Term of Award

Fall 2020

Degree Name

Doctor of Education in Educational Leadership (Ed.D.)

Document Type and Release Option

Dissertation (open access)

Copyright Statement / License for Reuse

Creative Commons License
This work is licensed under a Creative Commons Attribution 4.0 License.

Department

College of Education

Committee Chair

Juliann McBrayer

Committee Member 1

Richard Cleveland

Committee Member 2

Suzanne Miller

Abstract

State and federal accountability standards for student achievement and school improvement have increased the focus on school leadership, specifically the leadership of school principals and assistant principals.
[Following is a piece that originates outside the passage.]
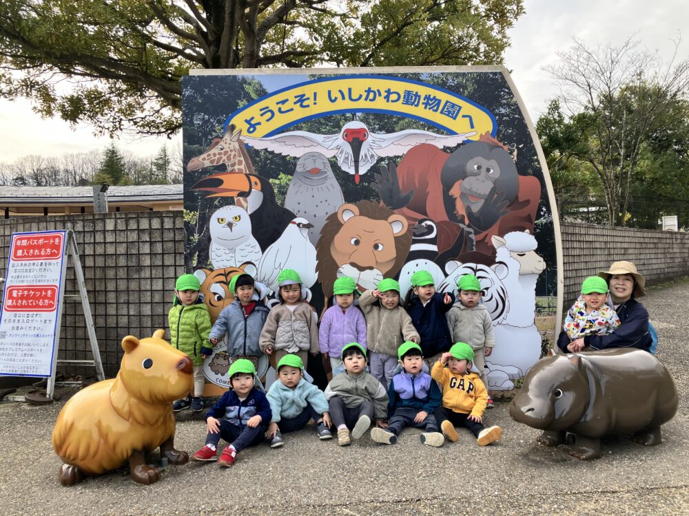 バスで『いしかわ動物園』にお出かけしました♪お出かけする前から、どうぶつの絵本を見て、おでかけをとっても楽しみにしていた子どもたち!!バスの中でも、いろんな童謡を歌いながら楽しんで乗っていましたよ。動物園に到着すると、にっこにこの笑顔で「ついたー!!」と大喜び☆彡 途中休憩もしながら、動物園一周頑張りました!!

The pressure to lead schools effectively while fulfilling instructional leadership and school management tasks could impact school administrators’ perceptions of their leadership capabilities. The purpose of this quantitative, cross-sectional study was to identify the relationship between the instructional leadership tasks and school management tasks of school administrators and their leadership self-efficacy across multiple demographics. Survey data were collected from 73 school administrators, which quantified the leadership self-efficacy of principals and assistant principals based upon the completion of instructional leadership tasks and school management tasks and their use of time completing instructional leadership tasks and school management tasks. The major findings of the study indicated a positive, linear relationship between leadership self-efficacy and the instructional leadership tasks and school management tasks of school administrators. There was no statistically significant difference between leadership self-efficacy for instructional leadership tasks and school management tasks based upon the role of the school administrator. There was no statistically significant difference between the use of time on instructional leadership tasks and school management tasks based upon the role of the school administrator. The outcomes of this study provide insight into the types of tasks that impact the leadership self-efficacy of principals and assistant principals and could drive the professional learning content of school administrators and the delegation of their tasks. Future research on the leadership self-efficacy of school administrators could involve larger demographic subgroups and extend the study to include additional demographic factors impacting the work of principals and assistant principals.